It’s not a festival until someone simulates their own death on stage. And last night, under the blood-orange California moon, Lady Gaga turned the desert into a gothic disco apocalypse.
Coachella, Day One. A hundred thousand dehydrated dreamers, fashion casualties, and TikTok influencers melted into the Polo Grounds like candle wax. The air: dry as a dealer’s conscience. The temperature: 100 degrees and rising. And then she came—Mother Monster, high priestess of the unhinged.

Fresh off the release of her new album, aptly titled “Mayhem,” Gaga’s 90-minute headline set wasn’t just a concert—it was a resurrection ritual with synths. There were death scenes, rebirth sequences, interpretive dance chess matches, and just enough nostalgic pop brilliance to remind us why she rewired the pop matrix in the first place.
When she launched into “Paparazzi” and “Bad Romance,” the desert howled. During “Poker Face,” she played a life-sized chess match against her dancers in a moment that felt equal parts Dadaist cabaret and Stanley Kubrick fever dream.
This was Gaga unhinged. Gaga ascended. Gaga howling at the moon with stiletto-clad vengeance.
But she wasn’t alone in the madness.
Missy Elliott, dressed like she just stepped out of a Blade Runner nightclub, lit up the stage with a set that felt like a laser-guided missile aimed at your childhood. “Get Ur Freak On,” “Work It,” and “Lose Control” exploded across the desert with bass that could rupture your ribcage.
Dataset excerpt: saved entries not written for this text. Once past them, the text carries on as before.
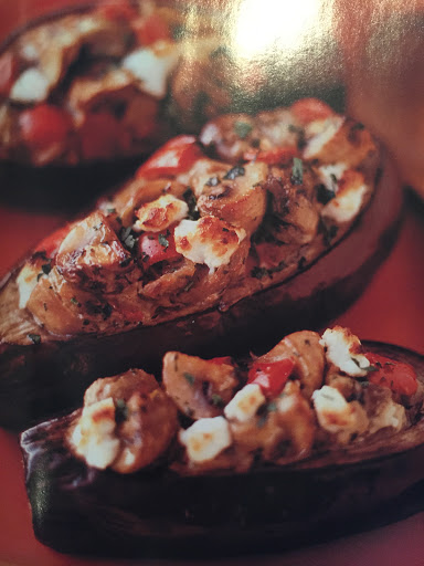 5. Spoon the stuffing into the eggplant, mounding it slightly. Pour the stock into the pan and cover with aluminum foil. Bake until the eggplant shells are tender, about 30 minutes. Serve hot or warm
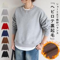 冬新作 トップス レディース トレーナー 秋 冬 白 黒 おしゃれ 長袖 スウェット Uネック ショート丈 リブ 裏起毛 暖か 極暖[郵3]^t1121^
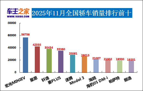 2025年11月轿车销量排行前十(单位:辆)

Elsewhere, Benson Boone tried to steal the sentimental slot with his chart-bait “Beautiful Things” and a backflip that made half the influencers clutch their rhinestone boots. But the real holy moment? Brian May—yes, the Queen guitarist himself—strode out like Zeus with a guitar and joined Boone for “Bohemian Rhapsody.” Even the EDM kids paused their molly-fueled grind to witness it.

And then came the rest of the chaos.
The Prodigy turned a tent into a punk rave inferno, while Blackpink’s Lisa, fresh off HBO’s The White Lotus, gave a solo set that cracked the sky with K-pop precision and god-tier stage presence. If this was a test run for her solo era, she passed with stilettos on the neck.
Meanwhile, festival fashion did its best Mad Max impersonation. Leather in 100-degree heat? Sure. Crystal corsets under zero shade? Why not. Sunscreen dispensers and water stations became warzones, and paper fans were worth their weight in mushrooms.
Somewhere in this solar-flared circus, the cast of “Yo Gabba Gabba!” stumbled around in plush costumes, melting slowly like psychedelic marshmallows while millennials lined up for selfies and irony.
This is the start of festival season. This is modern worship. This is the church of sound and sweat.
And Gaga? She didn’t headline. She baptized us.